AKRE, Kurdistan Region of Iraq — For many people, the vernal equinox — which marked the beginning of spring Friday — is just another date on the calendar. But in Iran, it’s celebrated as the Persian new year, known as Nowruz. In the Kurdish regions of the Middle East, Nowruz celebrations are a fundamental expression of Kurdish identity.

Today there are more than 30 million Kurds in a contiguous area in Iraq, Iran, Syria and Turkey divided by external borders and historic internal differences. The ancient town of Akre, nestled against craggy mountains in the Kurdistan Region of Iraq, has been the focal point for Nowruz celebrations for decades…

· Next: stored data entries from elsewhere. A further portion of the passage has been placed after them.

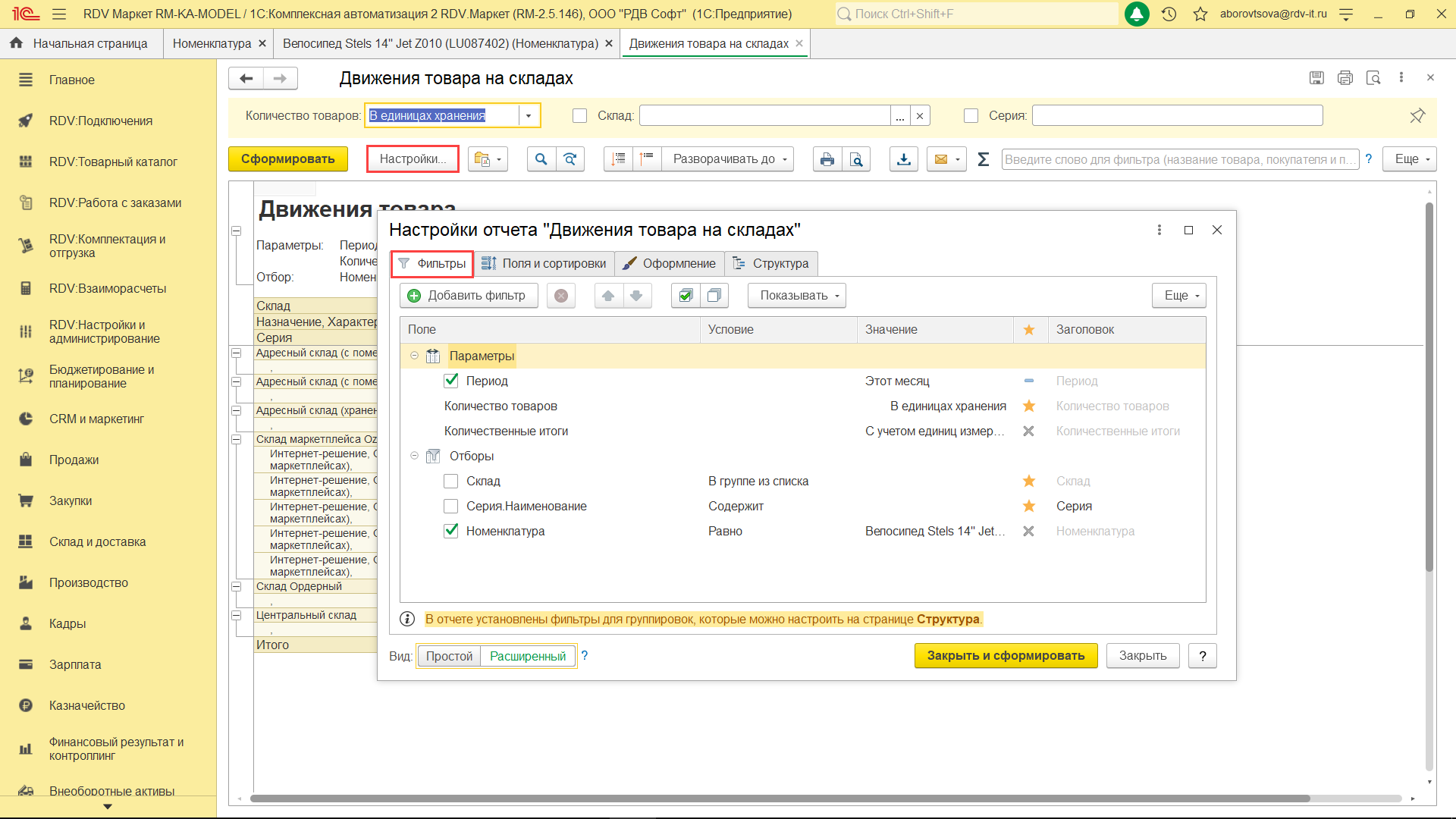 Изначально представлен отбор по складу, серии и количеству товаров в единицах хранения/ отчёта, но, нажав на кнопку "Настройки", на вкладке "Фильтры" (или "Основное", если выбран вид настроек "Простой"), Вы можете задать больше параметров отбора.
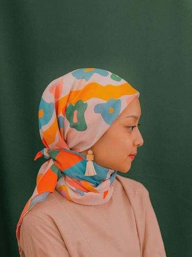 Hijab segi empat motif yang sedang hits sekarang ini bisa kamu pakai dengan cara berbeda. Khususnya untuk kamu yang bekerja di kantor kreatif, tak ada salahnya memilih gaya hijab nyentrik dengan tambahan aksesori seperti anting.
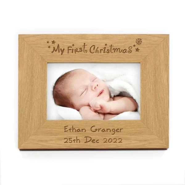 Personalise this My First Christmas 6×4 Wooden Frame with 2 lines of 30 characters below photo.

Here, Kurds gather to light flaming torches at sunset, carrying them up the mountainside to symbolize the victory of light over darkness. The women wear flowing, sparkly Kurdish dresses that look as if they came out of a medieval painting. Many of the men are dressed in traditional baggy trousers with woven cummerbunds — cotton sashes worn around their waists.

On Friday, hundreds of Kurds carried flames in a procession up the mountain under purple-black storm clouds, leaving the burning burlap torches lighting the darkness next to a giant Kurdish flag unfurled by the path…

The torches reference a story in Kurdish mythology in which a courageous blacksmith assembles an army of villagers and kills a murderous king — signaling with the mountain-top flames that the Kurds are free.

This year, they also spelled out in flames the numbers two and one — referencing a saying that “two plus two equals one” — meaning the Kurdish regions across four different countries together form one united Kurdistan…

Thirty million Kurds! For comparison purposes, Google says there’s about 15 million Palestinians, in the region and the diaspora… and 70-80 million Irish, only about a tenth of us still living in Ireland.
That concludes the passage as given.